A National Dialogue by all stakeholders including the government will help to identify the weaknesses in the economy and devise sustainable measures to tackle those activities that are  threatening  economic growth.  The issue of crude oil theft is elitist and there is no point for further pretensions that those stealing the country’s crude oil are unknown persons.
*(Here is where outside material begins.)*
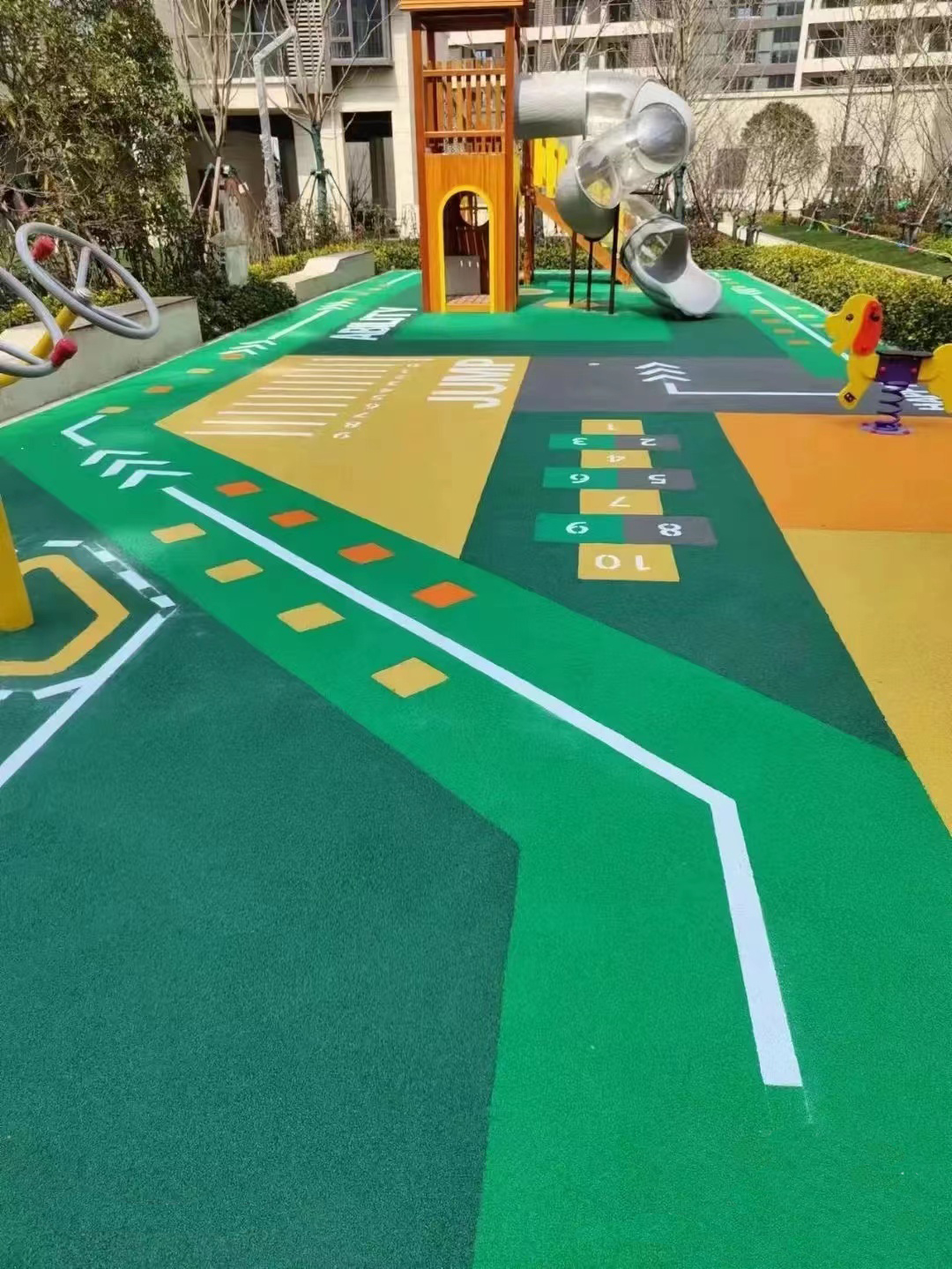 小區(qū)塑膠跑道施工_幼兒園室外塑膠地墊廠家_公園彩色塑膠跑道
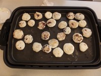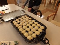 1月16日月曜日、今回は焼きモチを作りました。具材では小麦粉に少量の餅・あんこです。餅を刻んで電子レンジで柔らかくして小麦粉(水を入れ)と良く混ぜ生地を作り餡を入れ焼きます。焦げつかないように何回も裏返して焼きました。少し焦げついた程合いで完成です。もちもちして美味しかったと伺いました。今回も大変好評でありました。次回は1月23日です。メニューは楽しみにして下さい。

EnergyDay, after careful consideration suggests  the establishment of “SME Chamber Of Commerce and Industry”  as a bottom – up mechanism to pull the huge human capital in the informal sector into an organized bulwark to strengthen the country’s economic growth, political stability and social integration

The key agenda of the proposed SME Chamber Of Commerce and Industry will have its immediate  focus on the ‘Energy-Agriculture’ nexus in order to re-create employment, provide limited security and generate raw materials for import substitution including food production. This has very little to do with the government in terms of dependence

EnergyDay believes that the Organised Private Sector Community (OPS) should embark on the dynamic mission of an Alternative Economy to Oil by leveraging the country’s huge demography, market size, and favorable climatic conditions.

Developed economies across the world rely strongly on the use of SME sectors to build super economic structures that are resilient and interwoven to withstand the pressures of competition and industrial revolutions.

More importantly, they serve as a primary tool to control inflation in such a way that it does not become rocket science as is the case with Nigeria.